HUSBAND, DAD, AND LEADER.

How to impact your kids; it starts by recognizing something. My main job is being a husband and a father. I have a paying job to support that effort. In that job, I drive a lot. I run up some significant windshield time. In a way, it can be an opportunity for the enemy to work on me. But it can be a tremendous blessing. I have drive time every week to turn me back into a father and a husband. I know a lot of men who struggle with bringing work home. Some struggle with that transition, and it can have a negative impact on your home.

“And whatever you do, in word or deed, do everything in the name of the Lord Jesus, giving thanks to God the Father through him.” — Colossians 3:17

Before I Walk In The Door | How To Impact Your Kids

Many years ago, my pastor challenged me to stop and get my mind ready before I walked in the door. I paid attention to that challenge. When I worked in town, I would stay a couple of blocks from my house and ask myself questions. Things like, “I wonder what kind of day Mary had?” “What are the kids doing?” “What do I need to do within our house to make both better?” “What is she wearing?” “Are they driving her crazy?”

It helped. It made me much more attentive to the roles that are the most important to me. I have since switched jobs to my current vocation. That’s the one with all the driving. Sometimes I can be coming home from four hours away, and it’s late at night. I have the time to decompress. I should say I have the opportunity. Sometimes I can let a negative voice run over me for four hours too. I get a new chance every week. Usually, my wife and kids are asleep by the time I get there, but sometimes Mary waits up. It allows a much better avenue for connection because I am usually more attentive by the time I get home. Not perfect, just with a much better focus on the truly important.  

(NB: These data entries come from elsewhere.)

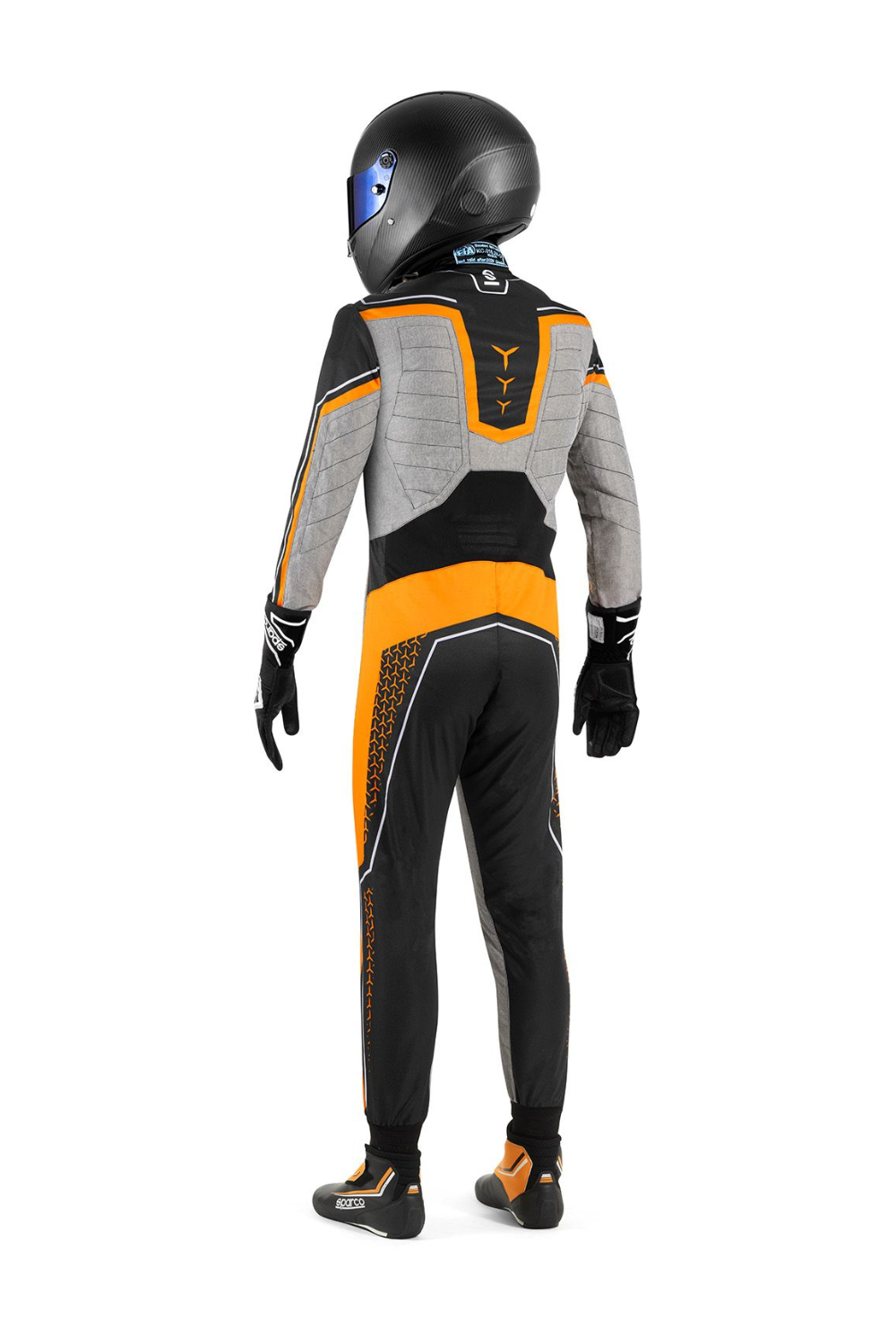 The Sparco Superleggera K racing suit in black and orange is designed for kids karting enthusiasts who demand top-tier performance. Made from an ultra-lightweight 300 g/m² fabric, it ensures exceptional comfort and maximum breathability. The patented AIR-IN system promotes continuous airflow, effectively cooling the driver.
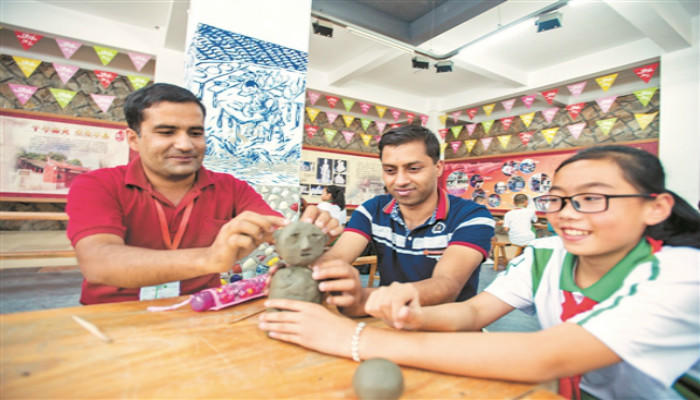 图为观众与德化瓷展讲解员现场交流。 朱嘉伟摄 新华网发
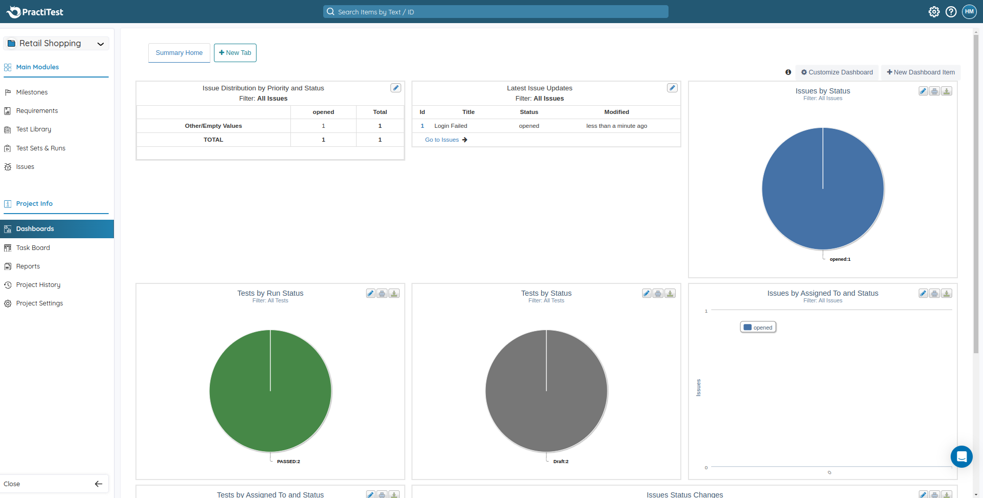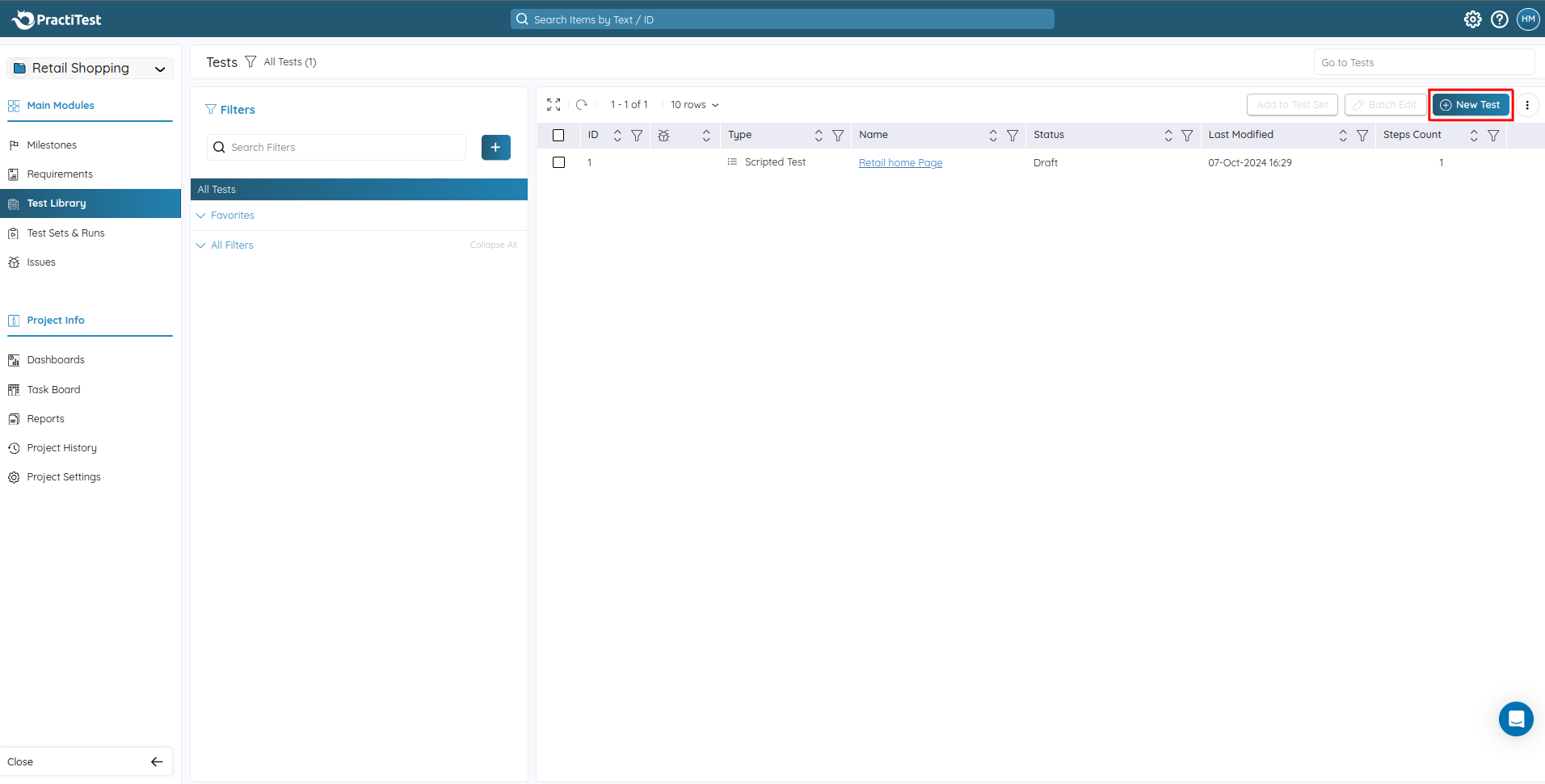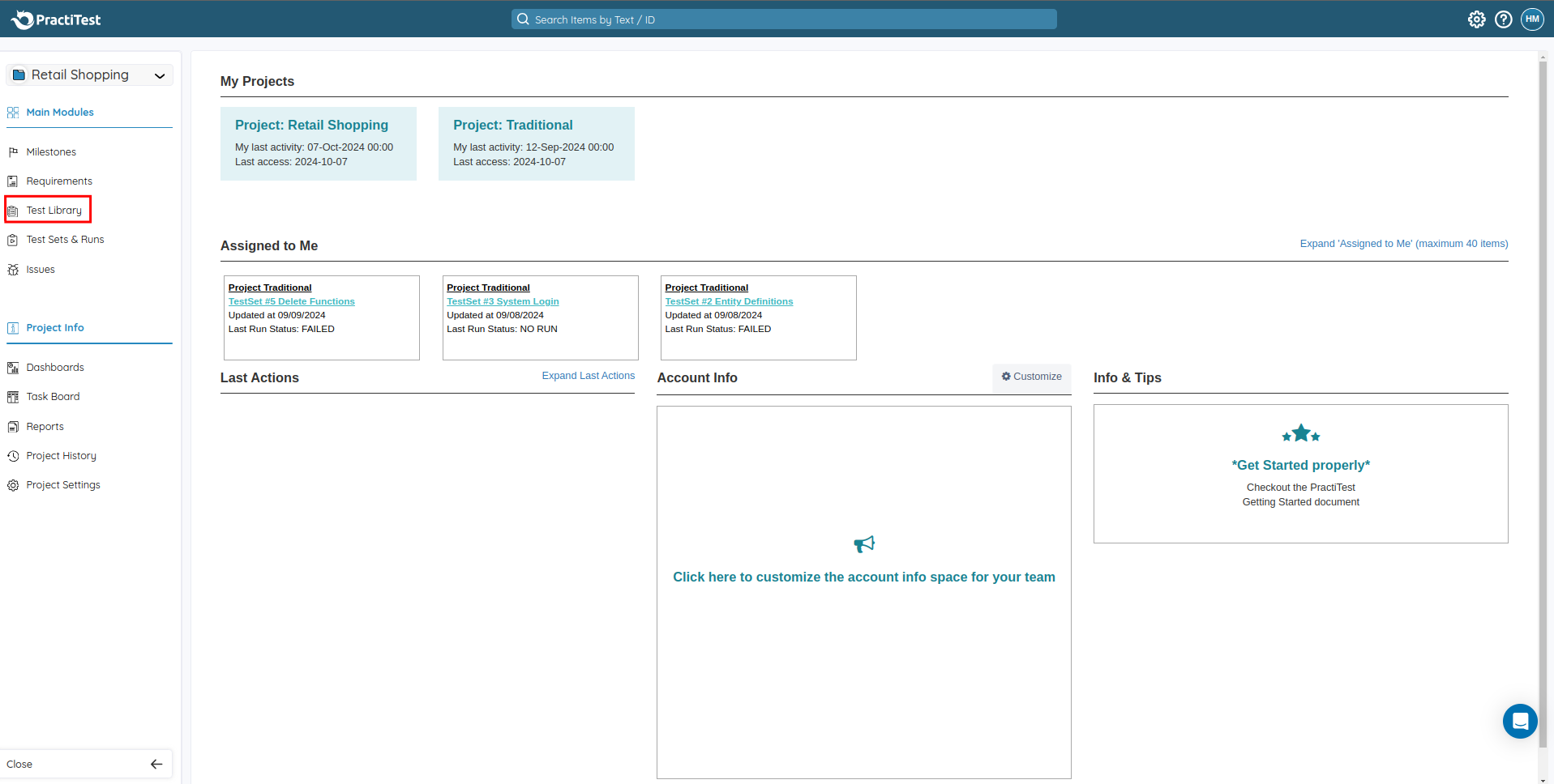 After logging into PractiTest, the home page will appear, showing an overview of your projects and tasks assigned to you. On the left side, you’ll find Main Modules with links to key sections such as Milestones, Requirements, Test Library, Test Sets, and Issues. Additionally, there are links for Dashboards, Reports, Task Board, Project History, and Project Settings under Project Info.
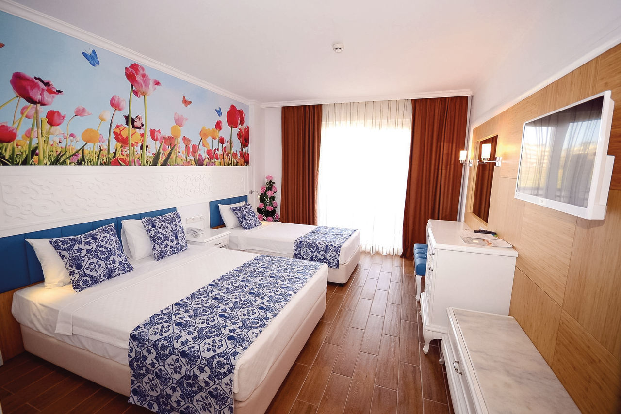 Eftalia Village offers a fun-filled holiday for the whole family. Enjoy a fantastic pool area featuring a thrilling aqua park that kids will love. Adults can unwind at the poolside bars or take a dip in the adults-only pool for some relaxation. The real highlight is the access to the Eftalia Island beach complex, where you?ll find a variety of entertainment options, exciting waterslides, a children?s club and a range of bars and restaurants. It really is the perfect destination for a fantastic family-friendly holiday!
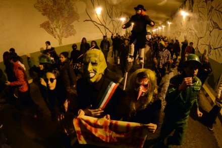 “Lamehuevos del Estado. Sin dignidad”, se advertía en las pancartas y lonas de tela que portaban estudiantes universitarios, ataviados de negro y con los rostros pintados de rojo –para simular sangre–, quienes criticaron el asesinato de tres estudiantes y la desaparición de 43 más de la Normal Rural de Ayotzinapa, Guerrero, ocurridos el 26 y 27 de septiembre.

The Energy I Give | How To Impact Your Kids

This week I was on the way home and heard a song called “Lifer” by MercyMe. It’s positive. It makes me want to dance even though I know I cannot. It’s encouraging. It’s also challenging. Am I a Lifer? Do I lead a life that reflects God? Do I encourage my family? Do my friends know how much I love them? Does anyone I encounter see a reflection of Jesus?  

Then it struck me. What kind of energy do I give to the people around me? If I present a negative, heavy emotion, I am likely to get that reflection back. Do I bring the room down or do I lift it up? Do I encourage my wife in her effort to live a life that reflects peace? If none of these things happen regularly. Why?  

I know what I want to reflect. I know that I want to be a good example and a good source of support and love and guidance. We all want to be leaders in our family. We all are leaders in our family. The way we conduct ourselves is the better question.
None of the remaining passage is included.